Records supplied.
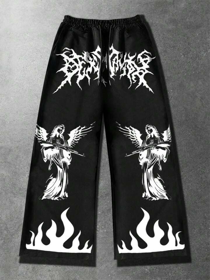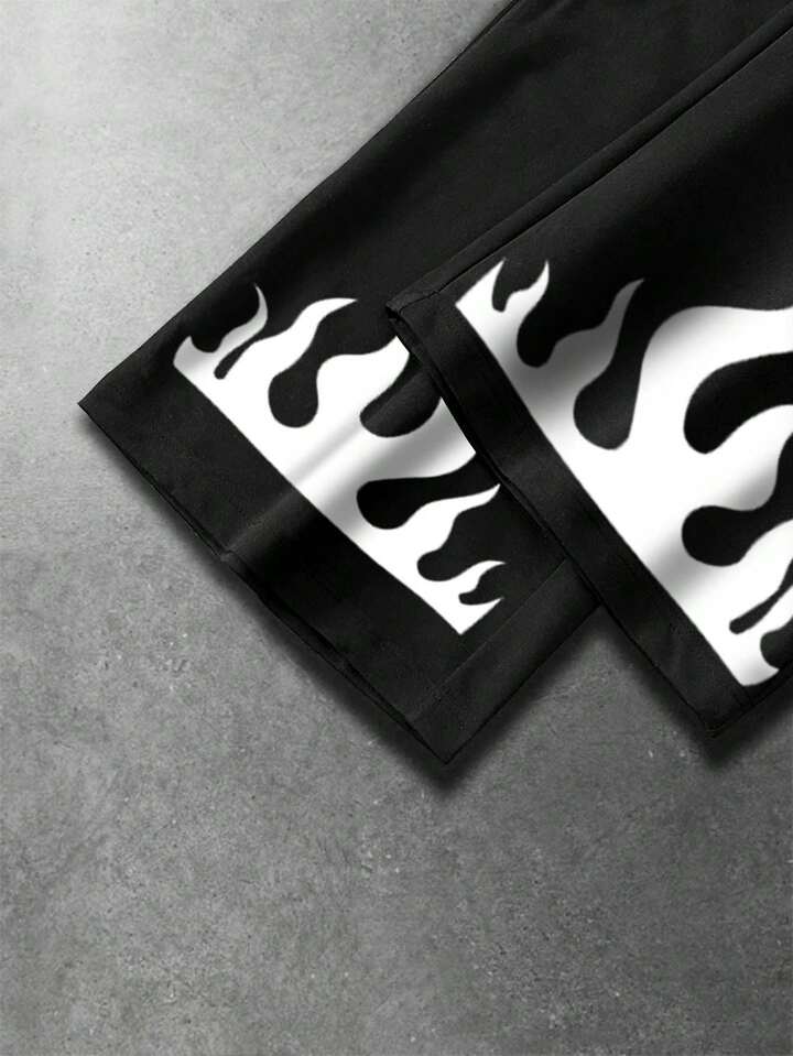 Street Life بنطلون رياضي واسع الساق مطبوع رقميًا بنمط لهب الملاك للرجال
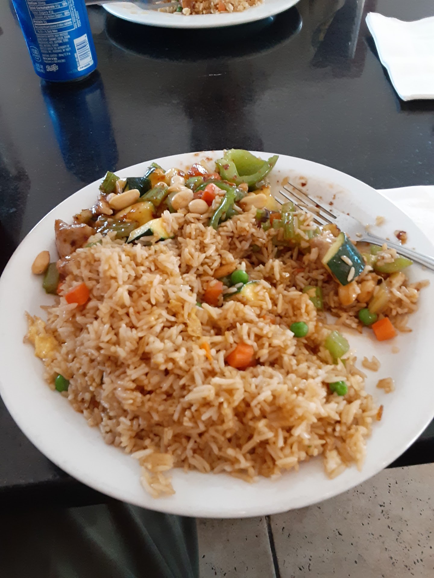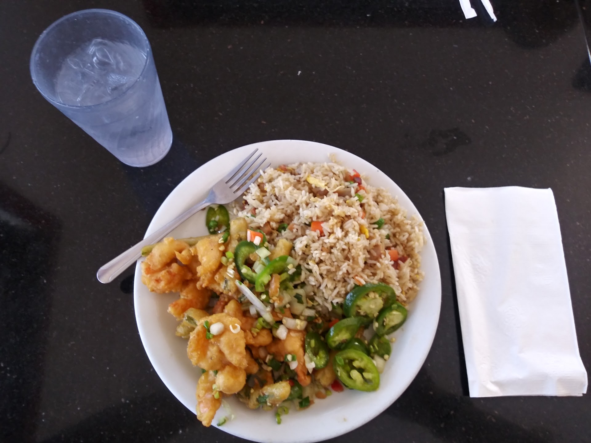 Read moreWe had used the Groupon to check-out this restaurant and decided to go here for dinner. Boy this neighborhood is dark and sketchy at night. I thought I had driven to the wrong place. This restaurant was in the middle of nowhere. It appears that the owners where the one working the "front" counter. It was a bit weird, this restaurant is small and had this take-out vibe/food court type setting to it. They had a TV plastered to the wall. After our food came, one of the guys (or owner) at the counter said, "Are you watching this?" Was I to argue with him and say, "No, don't change the TV, I'm in front of it and can't you see I'm watching?" attitude? So I waived my hand, "no", since my mouth was full of Honey Walnut Shrimp and fried rice. It was good albeit not the best I've tried. My daughter wanted the Orange Chicken. It was not bad until I bit into an orange peel. My daughter bit into a couple of them. And then there were more orange peels. What the??? Are you serious? This orange chicken should have been called "Bitter Orange Chicken". Please take the peel off this food, won't you??? It just simply should not be there. If you want to add orange skin, then please use orange zest and not pieces of orange skin. Fail on...
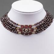 Vijfstrengs granatencollier, samengesteld met onedel element, gezet met granaat en rijstpareltjes -één parel mist-, brutogewicht 93 gram, lengte 36 cm, met aankoopbewijs uit 2012 van Antiker Schmuck uit Lauterbach voor een waarde van euro 2.300,-
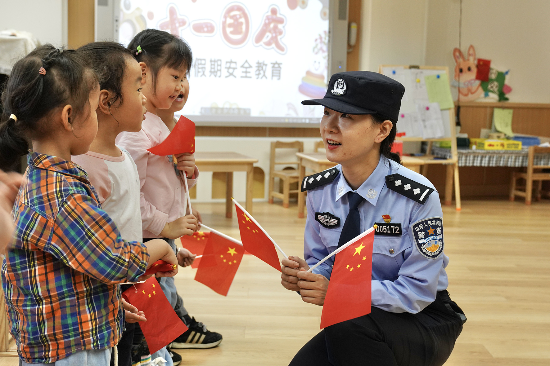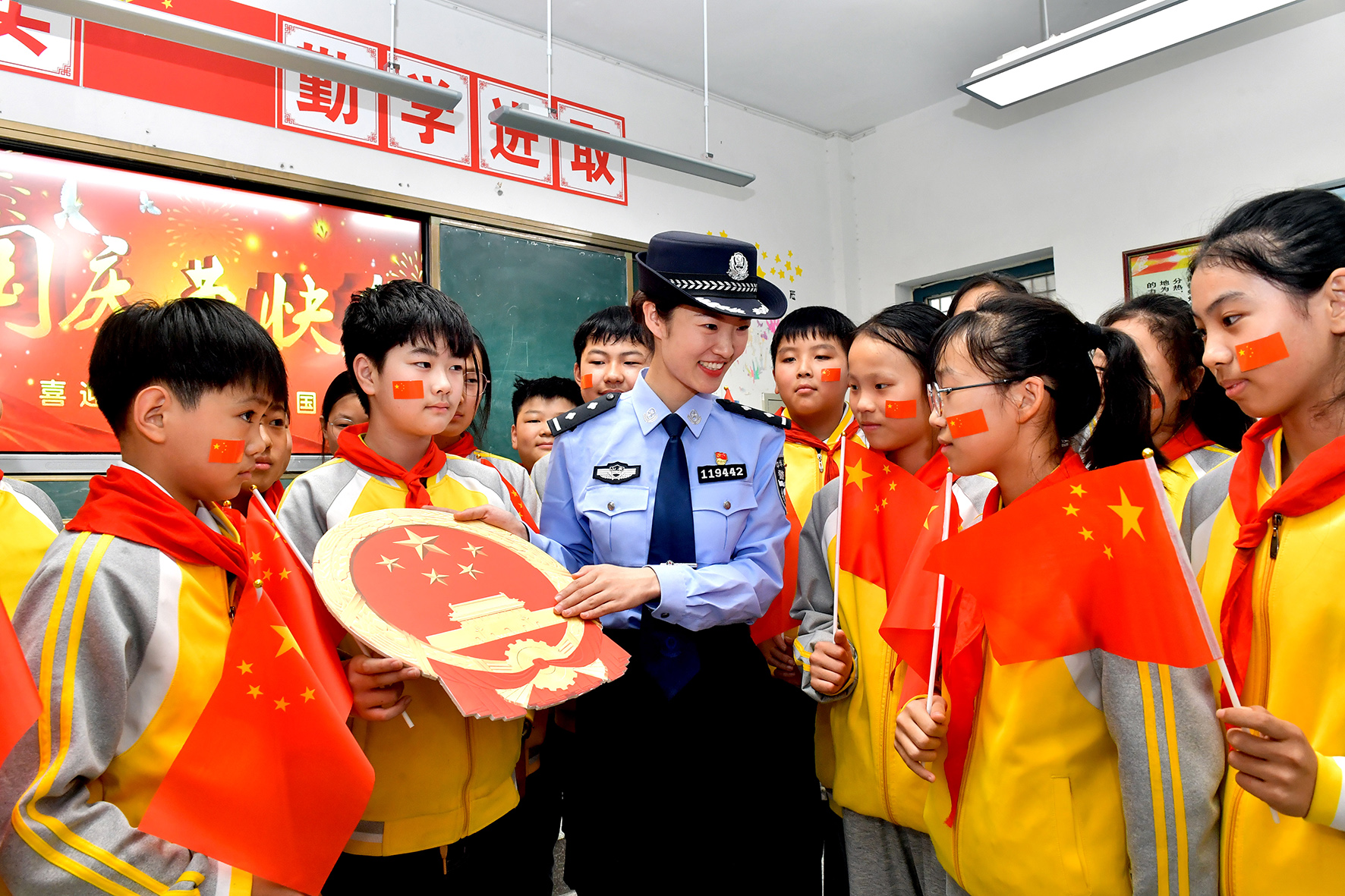 9月27日,安徽省合肥市公安局瑤海分局龍崗派出所民警輔警走進轄區(qū)幼兒園開展“我為祖國送祝?!敝黝}教育活動。
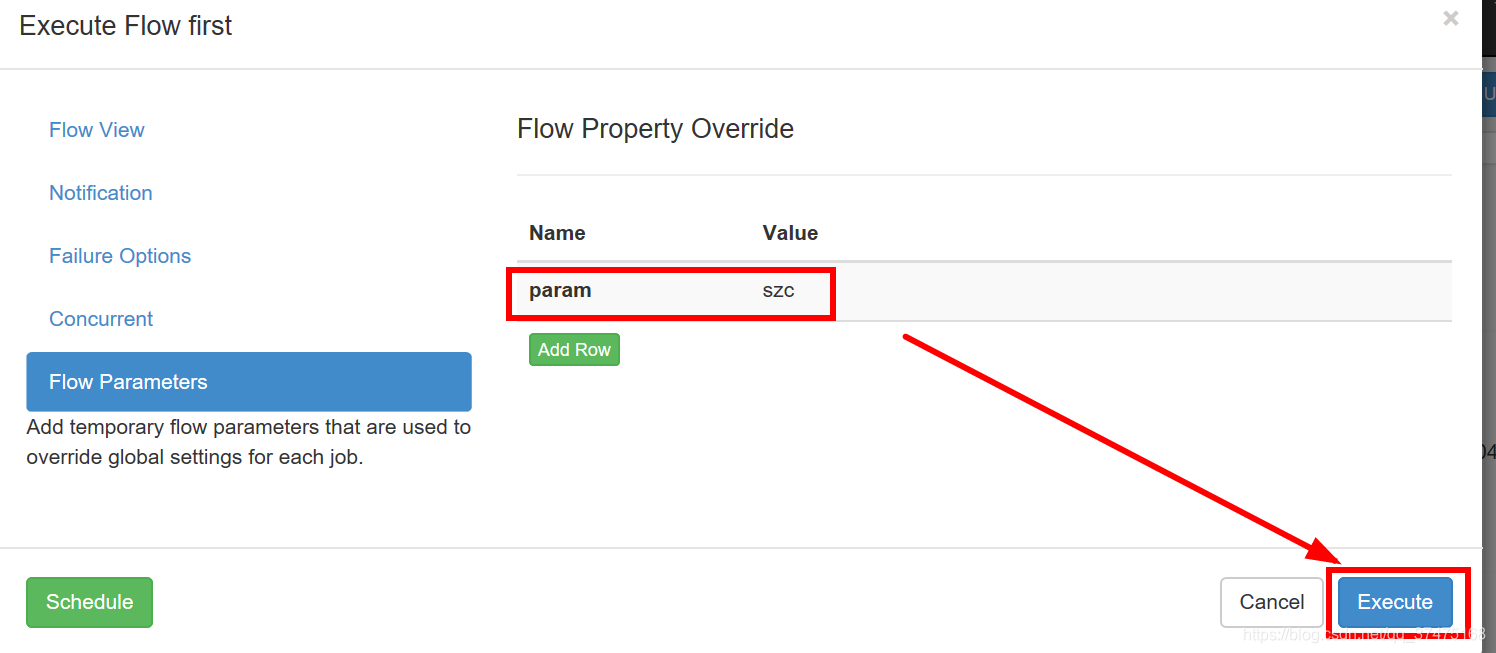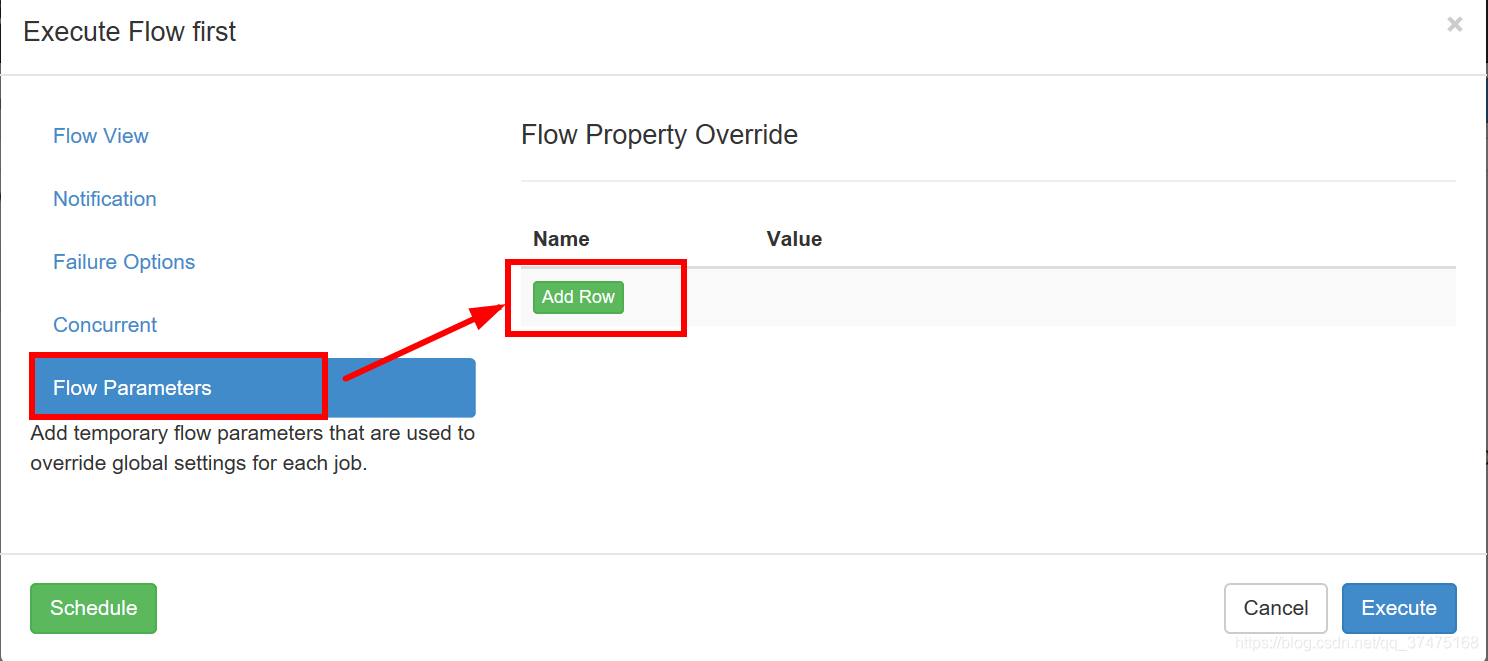 4、这样,执行这个作业的时候,在概览作业流界面点击作业流参数,点击Add Row

Instructions for the task. Could you restate each record word for word, keeping the pictures out?

Expected answer.
 Street Life بنطلون رياضي واسع الساق مطبوع رقميًا بنمط لهب الملاك للرجال
 Read moreWe had used the Groupon to check-out this restaurant and decided to go here for dinner. Boy this neighborhood is dark and sketchy at night. I thought I had driven to the wrong place. This restaurant was in the middle of nowhere. It appears that the owners where the one working the "front" counter. It was a bit weird, this restaurant is small and had this take-out vibe/food court type setting to it. They had a TV plastered to the wall. After our food came, one of the guys (or owner) at the counter said, "Are you watching this?" Was I to argue with him and say, "No, don't change the TV, I'm in front of it and can't you see I'm watching?" attitude? So I waived my hand, "no", since my mouth was full of Honey Walnut Shrimp and fried rice. It was good albeit not the best I've tried. My daughter wanted the Orange Chicken. It was not bad until I bit into an orange peel. My daughter bit into a couple of them. And then there were more orange peels. What the??? Are you serious? This orange chicken should have been called "Bitter Orange Chicken". Please take the peel off this food, won't you??? It just simply should not be there. If you want to add orange skin, then please use orange zest and not pieces of orange skin. Fail on...
 Vijfstrengs granatencollier, samengesteld met onedel element, gezet met granaat en rijstpareltjes -één parel mist-, brutogewicht 93 gram, lengte 36 cm, met aankoopbewijs uit 2012 van Antiker Schmuck uit Lauterbach voor een waarde van euro 2.300,-
 9月27日,安徽省合肥市公安局瑤海分局龍崗派出所民警輔警走進轄區(qū)幼兒園開展“我為祖國送祝?!敝黝}教育活動。
 4、这样,执行这个作业的时候,在概览作业流界面点击作业流参数,点击Add Row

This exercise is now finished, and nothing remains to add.